I left that meeting feeling well fortified by the wisdom of a dozen men who have learned the hard way how desperately important it is to stay safely in the center of God’s will. En route to a luncheon at the far end of town I was to discover God’s will is a faith journey, a journey of openness, of humility, of willingness, of honesty. It’s not a task or a place.

A small red car driven by a teenager blasted by on the rain-slick road and a nanosecond later it exploded into the life of a young mother and wife. Something quantum happens at such times. Parallel paths suddenly bend and intersect. One’s universe can suddenly become a microcosm, nothing else having been yet born in time. I was suddenly in God’s will in a way utterly profound. I was no longer in Australia or Anderson. I was in deep pain. Another’s.

There’s no more sacred honor than being called to carefully touch the pain of a tortured soul. With my bare hands I tore out the shattered glass in a destroyed car to get to a mother shrieking in terror.

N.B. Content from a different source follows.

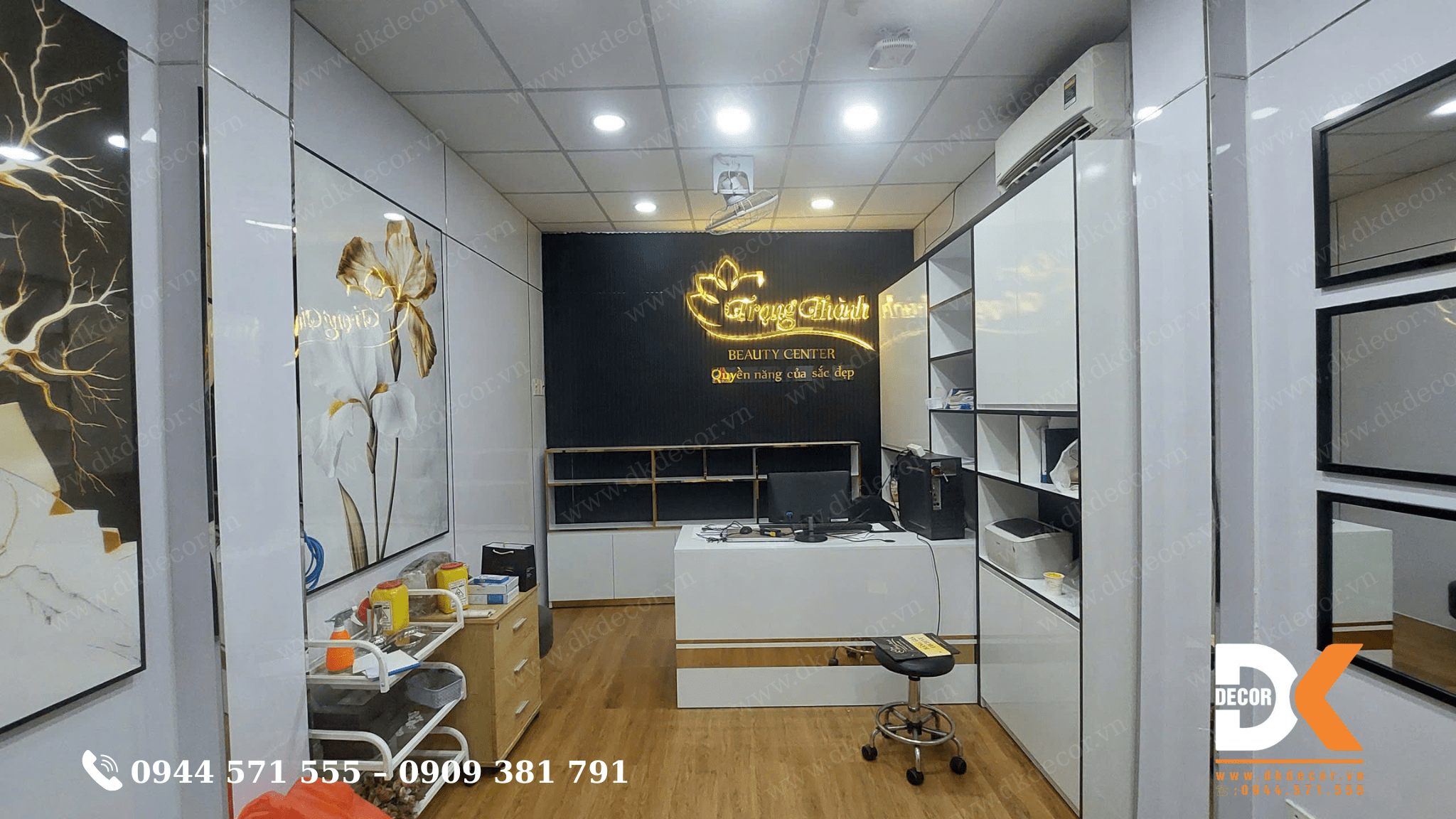 Với đội ngũ thi công chuyên nghiệp, giàu kinh nghiệm trong lĩnh vực làm đẹp, DK Decor cam kết đảm bảo tiến độ, thi công đúng bản vẽ, chuẩn thẩm mỹ và tối ưu công năng sử dụng. Việc đồng bộ từ thiết kế đến thi công không chỉ giúp rút ngắn thời gian triển khai mà còn kiểm soát chi phí hiệu quả và mang lại sự hài lòng tuyệt đối cho khách hàng.

While waiting forever for police, ambulance, and fire trucks to arrive I knew there was no other place in the universe I was to be. This was my universe. I was exactly where I was supposed to be doing exactly what I was supposed to be doing, leaning into that wrecked car. Over fifteen minutes I watched this precious soul’s terror sublimate into a tentative trust that she would be safe and go home to her husband once again, after a journey to the hospital. As I waited, with a crowd standing behind me, for the firemen to cut her out, I had the most extraordinary experience possible, utter liberation from self. I have never lived so fully in the moment. I was in a space without time. I was in God’s will.

I’m scheduled for a surgical consult next week to have one of my hands repaired. A month-old injury has only gotten worse and now needs surgical attention. When I left the scene I realized I had never given thought to my hands as I tore that glass out, quite liberated from myself. Later I looked at the specks of glass embedded in my hands, wondering if they were at all like cosmic dust from a newborn star.

The father of psychiatry, Carl Jung, described what are called vital spiritual experiences. “To me these occurrences are phenomena. They appear to be in the nature of huge emotional displacements and rearrangements. Ideas, emotions, and attitudes which were once the guiding forces of the lives of these men are suddenly cast to one side, and a completely new set of conceptions and motives begin to dominate them.” I can only hope this might have happened for me out there on the highway. Getting out of one’s self may just be the easiest way in the world to find God’s will.

I learned today life is so fragile. I learned today to love it deeply. Give hope. It’s the will of God, here and in Australia. No tickets required.